** Opening Data shown block **

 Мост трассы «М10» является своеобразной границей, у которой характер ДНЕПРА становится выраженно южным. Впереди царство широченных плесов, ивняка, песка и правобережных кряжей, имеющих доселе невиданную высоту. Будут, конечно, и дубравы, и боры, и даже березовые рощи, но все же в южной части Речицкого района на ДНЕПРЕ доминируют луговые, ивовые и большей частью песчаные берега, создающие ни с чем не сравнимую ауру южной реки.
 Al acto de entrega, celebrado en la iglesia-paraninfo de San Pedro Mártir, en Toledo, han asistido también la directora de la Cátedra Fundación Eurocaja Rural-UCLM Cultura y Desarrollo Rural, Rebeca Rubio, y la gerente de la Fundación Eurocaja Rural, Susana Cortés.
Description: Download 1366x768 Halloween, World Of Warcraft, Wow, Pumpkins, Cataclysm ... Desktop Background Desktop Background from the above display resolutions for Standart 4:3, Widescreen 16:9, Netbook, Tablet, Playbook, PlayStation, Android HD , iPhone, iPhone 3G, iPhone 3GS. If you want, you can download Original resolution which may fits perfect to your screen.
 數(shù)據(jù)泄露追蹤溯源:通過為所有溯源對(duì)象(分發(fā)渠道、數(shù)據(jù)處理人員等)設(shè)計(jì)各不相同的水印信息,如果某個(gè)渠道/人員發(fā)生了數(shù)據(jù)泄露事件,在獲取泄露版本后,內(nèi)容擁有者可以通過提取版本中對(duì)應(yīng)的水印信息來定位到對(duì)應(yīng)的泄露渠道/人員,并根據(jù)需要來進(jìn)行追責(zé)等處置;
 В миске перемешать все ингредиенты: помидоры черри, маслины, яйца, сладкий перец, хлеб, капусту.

** Closing Data shown block **

*Task prompt:* The records above need to be output again, verbatim.

*Response:*
 Мост трассы «М10» является своеобразной границей, у которой характер ДНЕПРА становится выраженно южным. Впереди царство широченных плесов, ивняка, песка и правобережных кряжей, имеющих доселе невиданную высоту. Будут, конечно, и дубравы, и боры, и даже березовые рощи, но все же в южной части Речицкого района на ДНЕПРЕ доминируют луговые, ивовые и большей частью песчаные берега, создающие ни с чем не сравнимую ауру южной реки.
 Al acto de entrega, celebrado en la iglesia-paraninfo de San Pedro Mártir, en Toledo, han asistido también la directora de la Cátedra Fundación Eurocaja Rural-UCLM Cultura y Desarrollo Rural, Rebeca Rubio, y la gerente de la Fundación Eurocaja Rural, Susana Cortés.
Description: Download 1366x768 Halloween, World Of Warcraft, Wow, Pumpkins, Cataclysm ... Desktop Background Desktop Background from the above display resolutions for Standart 4:3, Widescreen 16:9, Netbook, Tablet, Playbook, PlayStation, Android HD , iPhone, iPhone 3G, iPhone 3GS. If you want, you can download Original resolution which may fits perfect to your screen.
 數(shù)據(jù)泄露追蹤溯源:通過為所有溯源對(duì)象(分發(fā)渠道、數(shù)據(jù)處理人員等)設(shè)計(jì)各不相同的水印信息,如果某個(gè)渠道/人員發(fā)生了數(shù)據(jù)泄露事件,在獲取泄露版本后,內(nèi)容擁有者可以通過提取版本中對(duì)應(yīng)的水印信息來定位到對(duì)應(yīng)的泄露渠道/人員,并根據(jù)需要來進(jìn)行追責(zé)等處置;
 В миске перемешать все ингредиенты: помидоры черри, маслины, яйца, сладкий перец, хлеб, капусту.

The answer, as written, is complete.